Nigeria’s new tax laws signed by Tinubu will impact inflation, competitiveness: LCCI

The Lagos Chamber of Commerce and Industry has commended President Bola Tinubu’s government for signing four landmark tax reform bills into law.
In a statement on Friday, LCCI director-general Chinyere Almona said the tax reforms were expected to impact four major areas of the Nigerian economy.
The tax reform bills were signed into law by President Bola Tinubu on Thursday.
They included the Nigeria Tax Bill (Ease of Doing Business), Nigeria Tax Administration Bill, Nigeria Revenue Service (Establishment) Bill and the Joint Revenue Board (Establishment) Bill.
Ms Almona listed the areas of impact to include inflation, trade competitiveness, tax compliance, and investor confidence. She said the reforms, passed after extensive stakeholder consultations, marked a significant milestone in Nigeria’s journey toward a more transparent, efficient, and growth-aligned fiscal framework.
She added that unifying Nigeria’s complex and fragmented tax laws, along with the digital and institutional upgrades in the bills, provided the private sector with a better platform to grow and compete.
“The potential impact of inflation is twofold: in the short term, as businesses re-price, the broader tax net and initial compliance adjustments may trigger a slight increase in core inflation, estimated between 40 and 60 basis points.
“However, in the medium term, the reduction of tax inefficiencies and a shift from monetary financing to sustainable revenue should help ease price pressures. With essential goods and services now exempt from value-added tax, we expect this move to ease the cost of living for millions of Nigerians,” she stated.
Ms Almona said the new tax laws would also significantly improve Nigeria’s trade competitiveness.
She noted that with the introduction of a unified filing system and streamlining state and federal tax processes, businesses could see compliance time fall by up to 40 per cent.
She added that the development would effectively reduce transaction costs and support Nigeria’s export competitiveness under the African Continental Free Trade Area.
“Tax compliance is another area where the reforms are poised to deliver tangible gains. Nigeria’s tax-to-gross-domestic-product ratio, currently at 7.9 per cent, is among the lowest in sub-Saharan Africa.
“With full implementation, the LCCI projects an increase in non-oil tax revenues by N3.2 trillion over the next two years, pushing the tax-to-GDP ratio toward 12 per cent by 2027,” she stated.

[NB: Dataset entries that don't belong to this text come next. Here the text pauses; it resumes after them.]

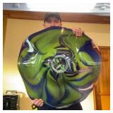 Lot #236 - Large Holman Studios Hand Blown Art Glass Bowl Platter Signed 26 Blue Green Swirl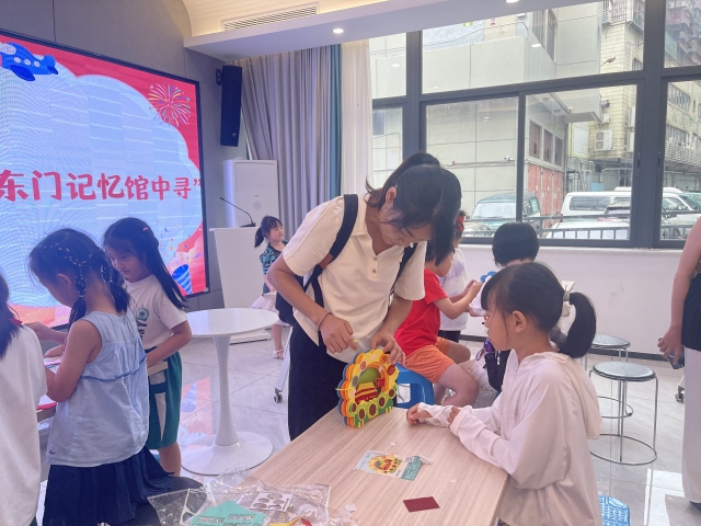 亲子家庭在讲解员的带领下,参观了东门红色记忆馆。大家认真地聆听红色故事,了解先辈们的英勇事迹,从中感受到了红色文化的魅力。随后,手工活动正式开始,在社区工作者的指导下,大家拿起贴画材料,认真仔细地贴出一幅幅有五角星、红旗等充满象征意义的图案,现场其乐融融,弥漫着温馨的氛围。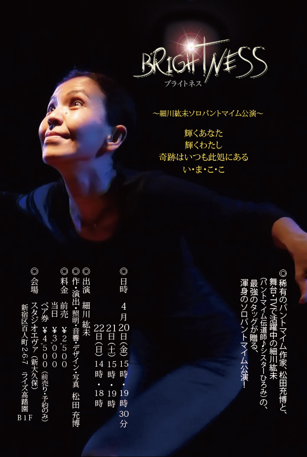 バブルの終わり頃、堅気の職に就いたと思ったら東京マイム研究所にふらふらと入り卒業。その後も、仕事をしながらなんだかんだパントマイムを続け、気がつくともういい歳だ。ただ面白いだけではなくメッセージ性がある作品が好き。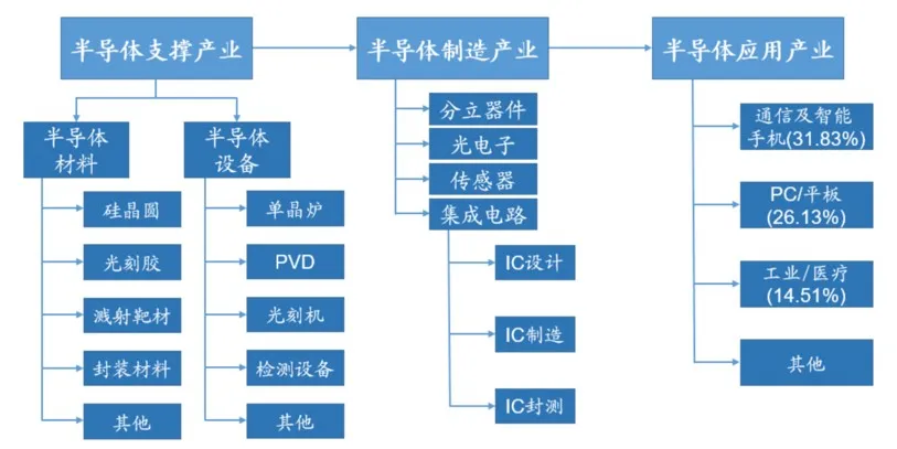 半導體產(chǎn)業(yè)鏈包括上游的半導體支撐產(chǎn)業(yè),中游的半導體制造產(chǎn)業(yè)以及下游的半導體應用產(chǎn)業(yè)。半導體支撐產(chǎn)業(yè)包括半導體材料及設備,其中真空產(chǎn)品主要在半導體設備領域應用;中游半導體制造的核心是集成電路制造,包括IC設計、IC制造以及IC封測;下游的半導體應用領域眾多,全球半導體應用領域排名前三的行業(yè)是通信及智能手機、PC/平板、工業(yè)/醫(yī)療。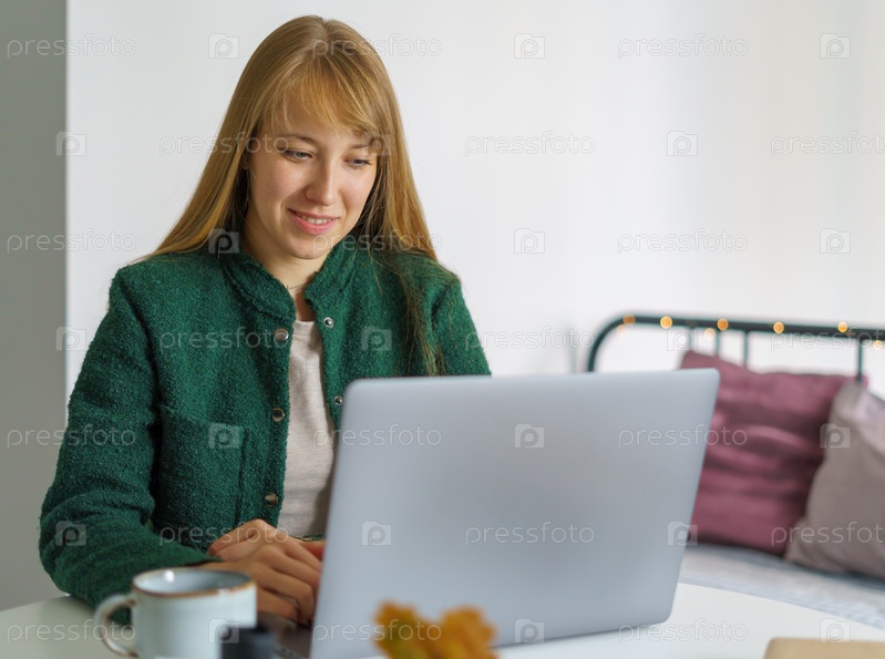Улыбающаяся женщина смотрит на экран ноутбука. Удаленная работа из дома. Социальное дистанцирование на карантине. Девушка учится онлайн в спальне. Уютное рабочее место. Дистанционная работа из дома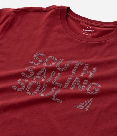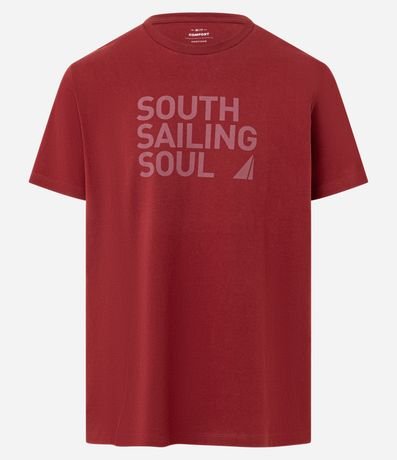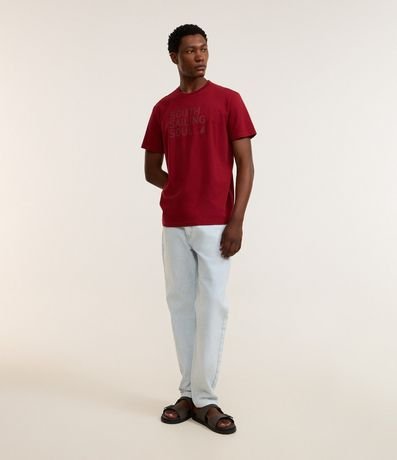 Ref: Camiseta masculina confeccionada em algodão mais sustentável através de boas práticas ambientais, no modelo comfort. Possui gola redonda, manga curta e estampa lettering.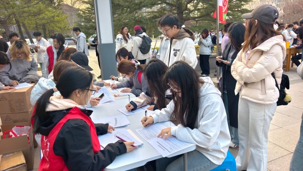 现场,学生志愿者代表还宣读了青年献血倡议书,号召更多同学加入到无偿献血队伍中来,用热血传递爱心,贡献青春力量。随后,山东医药大学学生志愿者面向签名墙签名,同时部分学生现场登记进行无偿献血、造血干细胞血样采集。不一会,学校南广场上,两辆献血车前就排起了长队。队伍中有不少新生面孔,记者了解到大一口腔学技术(听障)班虽然是第一次参与无偿献血活动,却几乎是全班出动,甚至有的男生寝室全寝室都前来参与无偿献血。“这已经是筛过一波的人了,班上还有好多女生也想参与,但身体指标不达标,让我‘劝退’了。”班长李博文说。

The LCCI chief added that these new laws, with their institutional safeguards and digital monitoring platforms, sent a strong signal of fiscal discipline and reliability.
She stated that the independence of the emerging Nigerian Revenue Service, supported by robust performance reporting, would further enhance credibility and reduce the risk premium associated with long-term investments.
“We recognise that passing legislation is only the first step. Successful execution will require close coordination across federal, state, and local government areas and robust monitoring and feedback from the private sector.
“We urge the immediate rollout of a public-facing implementation roadmap, beginning with pilot e-tax systems in high-volume states such as Lagos, Rivers, and Kano. The next six months before the full implementation in January 2026 should provide sufficient space for pilot phases and ensure all gears are engaged for optimal performance,” Ms Almona added.